Recorded data
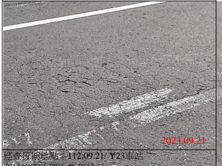
巡查日期地點：112.09.21/ Y23車站 照片說明：路面龜裂狀況
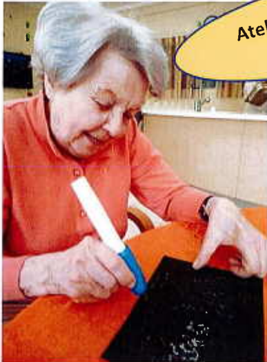
Atelier de Pyrogravure... au stylet.
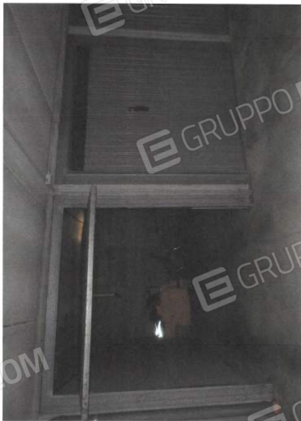
VISTA BASCULANTI BOX
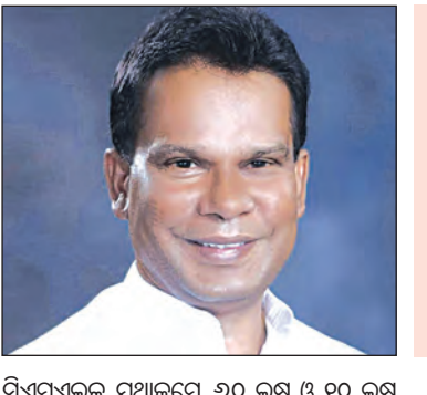
କୋଇଲା ଦୁର୍ନୀତି ମାମଲା ଦଣ୍ଡାଦେଶ ଉପରେ ରୋକ୍ ଲଗାଇଲେ ନୂଆଦିଲ୍ଲୀ ହାଇକୋର୍ଟ
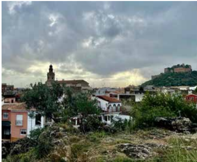
Panoràmica de Corbera.

Estos projectes es faran gràcies a dues subvencions gestionades des de les regidories d'Urbanisme i Benes-
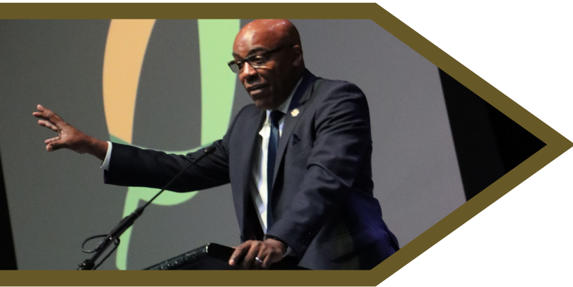
El Procurador General Raoul habla en una conferencia celebrada por Blacks in Green, una organización comunitaria para la justicia ambiental. La Oficina del Procurador General se asocia con entidades estatales y federales para abogar por políticas que protegen a los trabajadores de lesiones en los lugares de trabajo peligrosos.

La Oficina del Procurador General trabaja con procuradurías generales estatales a través del país para promover los derechos de los trabajadores, incluyendo a nivel federal. La oficina frecuentemente hace recomendaciones sobre regulaciones federales que fortalecerían los derechos de los trabajadores, archiva escritos amicus en litigación con implicaciones nacionales para los trabajadores, y manda cartas al liderazgo congresista promoviendo propuestas de leyes para el beneficio de los trabajadores. Cuando las leyes y las regulaciones federales que son propuestas o implementadas hieren a los trabajadores, nuestra oficina trabaja con otras oficinas de procuraduría general para archivar demandas contra el gobierno federal y escritos amicus en apoyo a los trabajadores.
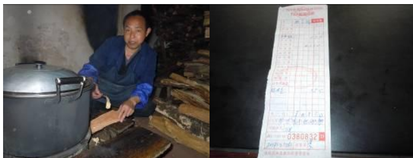
图四 厨师及健康体检收费单
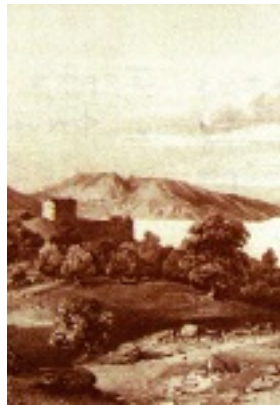
Άποψη της Ιεράς Μονής των Αγίων Φανέντων σε γκραβούρα του 1813 μ.Χ.
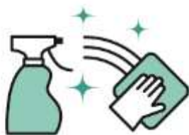
使用している備品類の定期的な消毒
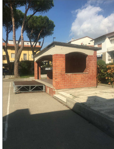
Palco in muratura e relativo basamento
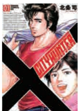
※本誌「シティーハンター」XZ Edition 第1巻「シティーハンター」シリーズ、ステッカー、ポストカード ©北条司/NSP

1985年から91年まで『週刊少年ジャンプ』に連載され、テレビアニメとともに爆発的人气となった「シティーハンター」。同作品のイラストパネルなどを解説付きで展示し、今夏開催の展覧会の見どころと併せてご紹介します。

Your objective
A word-for-word repeat of the lines from the line with "图四 厨师及健康体检收费单" to the last line of the data, both ends included and pictures left out, is all that should appear.

Task response
图四 厨师及健康体检收费单
Άποψη της Ιεράς Μονής των Αγίων Φανέντων σε γκραβούρα του 1813 μ.Χ.
使用している備品類の定期的な消毒
Palco in muratura e relativo basamento
※本誌「シティーハンター」XZ Edition 第1巻「シティーハンター」シリーズ、ステッカー、ポストカード ©北条司/NSP

1985年から91年まで『週刊少年ジャンプ』に連載され、テレビアニメとともに爆発的人气となった「シティーハンター」。同作品のイラストパネルなどを解説付きで展示し、今夏開催の展覧会の見どころと併せてご紹介します。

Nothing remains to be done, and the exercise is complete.